Highlights & Insights¶
- Elegant latent-code-driven continuous deformation: Discrete state observations are encoded into a continuous motion space, enabling generation of unseen configurations.
- Self-supervised motion-as-segmentation paradigm: Part structure is automatically discovered from motion differences without any manual annotation.
- Novel 3D-to-2D SAM prompting: 2D prompt points are automatically derived from 3D part boundaries, eliminating the need for manually annotated SAM prompts.
Limitations & Future Work¶
- VLM-based part counting can be unreliable; majority voting is required for stability.
- The motion threshold \(\tau_{mot}\) requires manual tuning.
- Only rigid articulated motion is supported; flexible deformations (e.g., cloth) are not addressed.

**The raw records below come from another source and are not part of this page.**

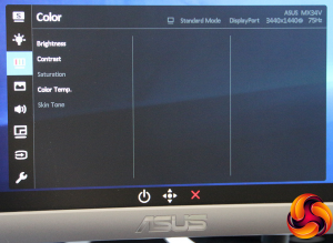 The options available in the Color menu depend on which preset you are using. In the default Standard Splendid Mode, you get Brightness and Contrast (set to 80 per cent each) and Color Temperature. This has Cool, Normal and Warm options, or you can adjust RGB values manually.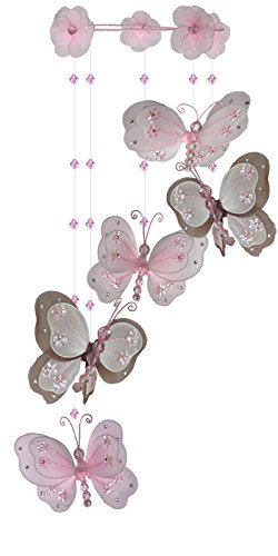 - The Butterfly Grove Chloe Butterfly Nursery Mobile Hanging Nylon Layered Decor, Pink/Brown by The Butterfly Grove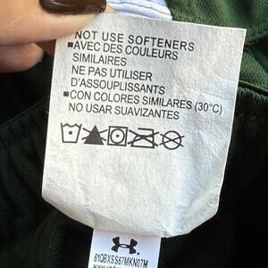 Color: Dark green with white contrast trim and repeating UNDER ARMOUR logo waistband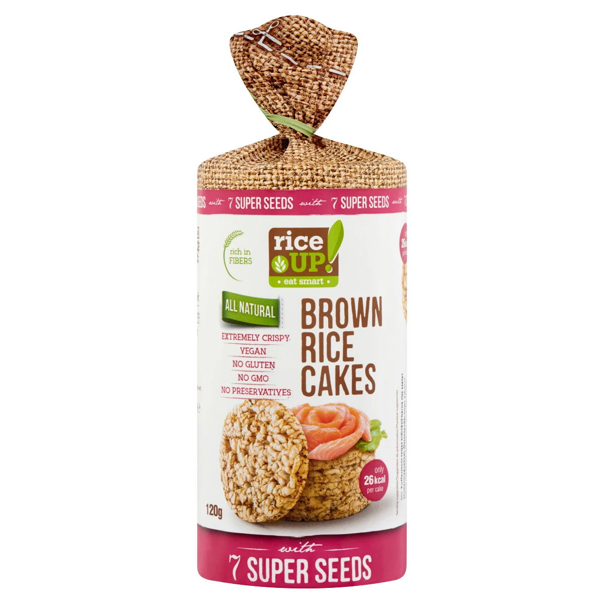 Puffasztott teljes kiőrlésű barna rizs szelet szupermagvakkal.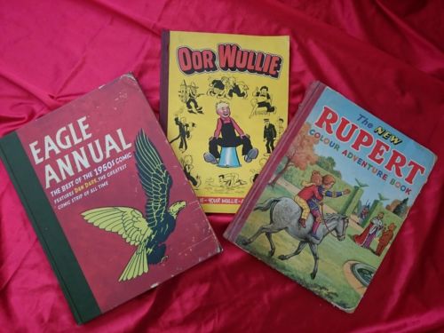 Title (ebay affiliate link): Vintage childrens books x 3. Rupert Bear, Eagle Annual and Oor Wullie.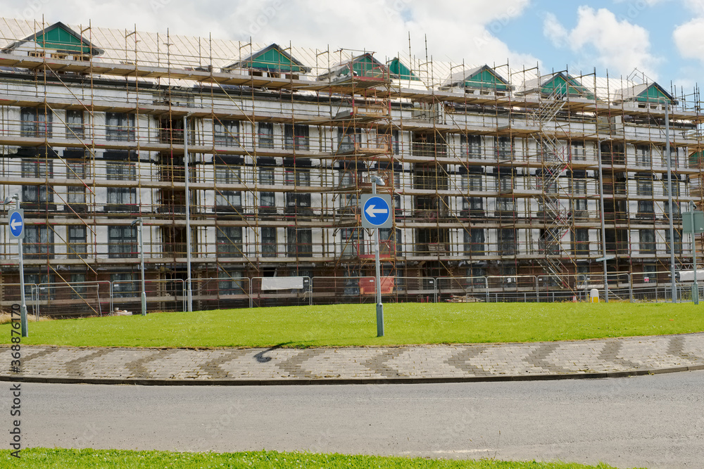 Scaffolding surrounding house development for safe access to construction work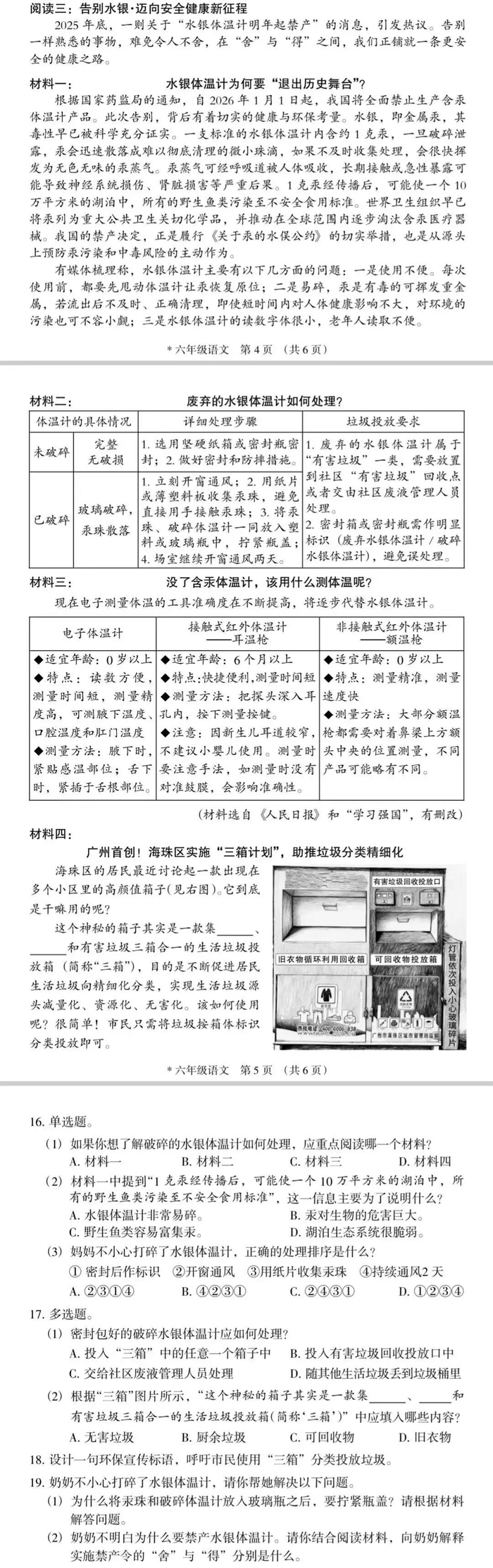 例4:语文卷“阅读三”关于水银体温计的材料题(六年级语文)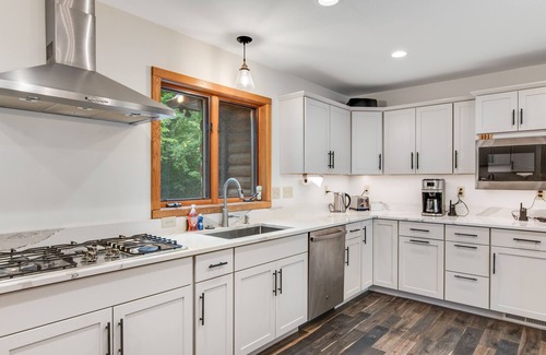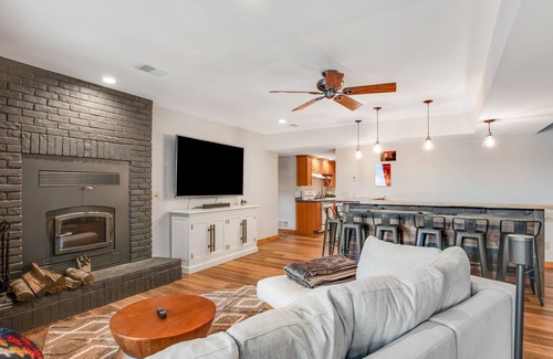 The main-floor kitchen is equipped for gourmet stylings with exquisite counters and deluxe stainless steel appliances, including two ovens, two sinks, a five-burner range, and a dishwasher. The first-floor kitchen has a stove/oven, fridge, and microwave for added convenience. Enjoy happy hour entertainment in the downstairs game room equipped with a pool table, speakers, an eight-seater bar, sofa, and smart TV, or unwind in the main-floor great room featuring a smart TV and large sectional. A cozy corner fireplace anchors both spaces for added ambiance and wintertime warmth. The formal dining table sets the stage for group gatherings with seating for 12. The in-home gym off the basement living area has a weight set and treadmill for home fitness needs.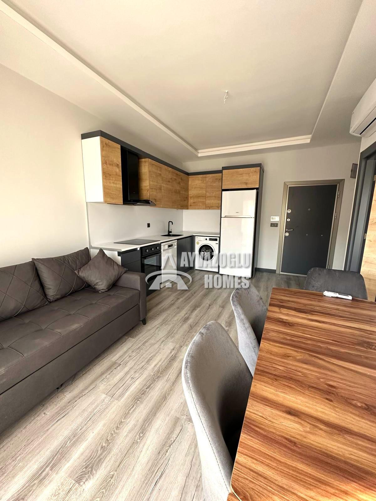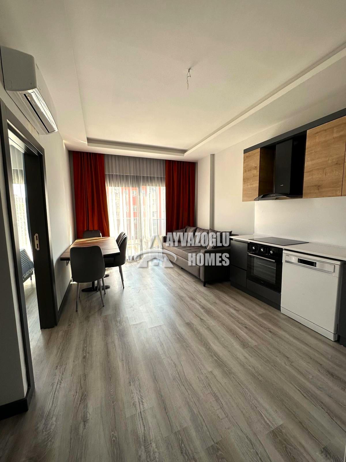 This 1+1 apartment is available in the popular Oba district, just 2 km from the sea. Located on the ground floor, the 55 m² apartment is furnished and ready for occupancy or rental.
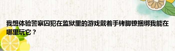 导读 大家好,今天小六子来为大家解答以下的问题,关于我想体验警察囚犯在监狱里的游戏戴着手铐脚镣捆绑我能在哪里玩它?这个很多人还不知道,现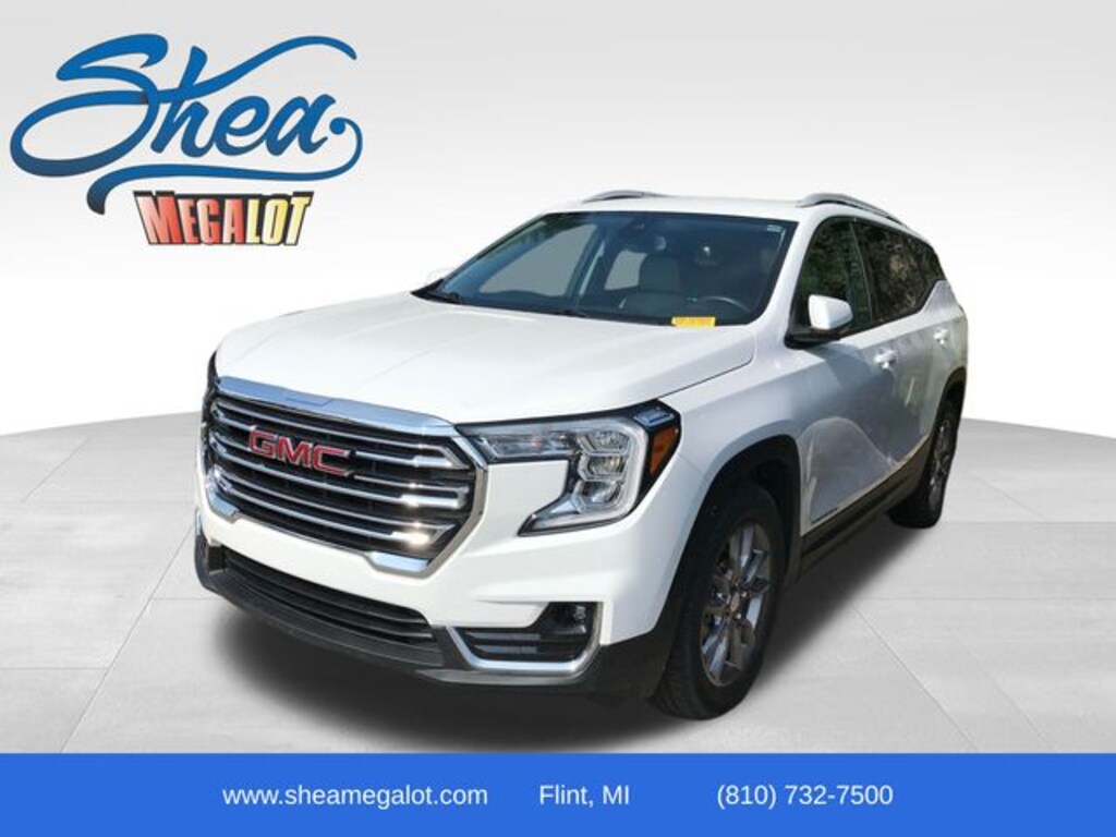 Adaptive Cruise Control, GMC Pro Safety Plus, Lane Change Alert w/Side Blind Zone Alert, Rear Cross-Traffic Alert, Rear Park Assist, Safety Alert Seat, 2 USB Data Ports, 2 USB Data Ports w/SD Card Reader, 3 Years of OnStar & Connected Services Plan, 3.47 Axle Ratio, 4-Wheel Disc Brakes, 6 Speakers, 6-Speaker Audio System Feature, 6-Way Power Front Passenger Seat, 8-Way Power Driver Seat Adjuster, ABS brakes, Air Conditioning, Alloy wheels, AM/FM radio: SiriusXM, Auto High-beam Headlights, Auto-dimming Rear-View mirror, Automatic temperature control, Bluetooth® For Phone, Brake assist, Bumpers: body-color, Cold Air Grille Shutter, Compass, Delay-off headlights, Driver & Front Passenger Heated Seats, Driver door bin, Driver vanity mirror, Dual front impact airbags, Dual front side impact airbags, Electronic Stability Control, Emergency communication system: OnStar Guidance, Floor Liner Package (LPO), Four wheel independent suspension, Front & Rear All-Weather Floor Liners (LPO), Front anti-roll bar, Front Bucket Seats, Front Center Armrest, Front dual zone A/C, Front fog lights, Front Passenger 2-Way Power Lumbar, Front reading lights, Fully automatic headlights, Garage door transmitter, Heated door mirrors, Heated front seats, Heated steering wheel, Illuminated entry, Integrated Cargo Liner (LPO), Low tire pressure warning, Memory seat, Not Equipped w/Lane Change & Rear Cross Traffic Alerts, Occupant sensing airbag, Outside temperature display, Overhead airbag, Overhead console, Panic alarm, Passenger door bin, Passenger vanity mirror, Perforated Leather-Appointed Seat Trim, Power door mirrors, Power Driver Lumbar Control, Power driver seat, Power Liftgate, Power passenger seat, Power steering, Power windows, Preferred Equipment Group 4SA, Radio data system, Radio: GMC Infotainment Audio System w/8" Display, Rear anti-roll bar, Rear seat center armrest, Rear window defroster, Rear window wiper, Remote keyless entry, Roof rack: rails only, Security system, SiriusXM Radio, Speed control, Speed-sensing steering, Split folding rear seat, Spoiler, Steering wheel mounted audio controls, Tachometer, Telescoping steering wheel, Tilt steering wheel, Traction control, Trip computer, Turn signal indicator mirrors, Variably intermittent wipers, Wheel Locks, Wheels: 18" x 7" Silver Painted Aluminum, Wireless Apple CarPlay/Wireless Android Auto, Adaptive Cruise Control, GMC Pro Safety Plus, Lane Change Alert w/Side Blind Zone Alert, Rear Cross-Traffic Alert, Rear Park Assist, Safety Alert Seat.

- The RS-Art dataset remains limited in scale.
Related Work & Insights¶
- vs. PARIS: PARIS supports only single-joint two-state settings, whereas PD²GS enables multi-part, multi-state continuous control.
- vs. dynamic 3DGS (4D-GS, etc.): Dynamic methods do not distinguish part-level motion semantics; PD²GS performs explicit decoupling.
- The framework has direct applicability to robotic object manipulation, as inferred part identities and kinematic parameters can directly inform manipulation planning.
Rating¶
- Novelty: ⭐⭐⭐⭐⭐ The combination of canonical field + latent deformation + automatic part discovery is highly original.
- Experimental Thoroughness: ⭐⭐⭐⭐ Covers PartNet-Mobility and RS-Art real data with complete ablations.
- Writing Quality: ⭐⭐⭐⭐ Method description is clear with well-formatted formulations.
- Value: ⭐⭐⭐⭐⭐ A significant advance in continuous modeling of articulated objects.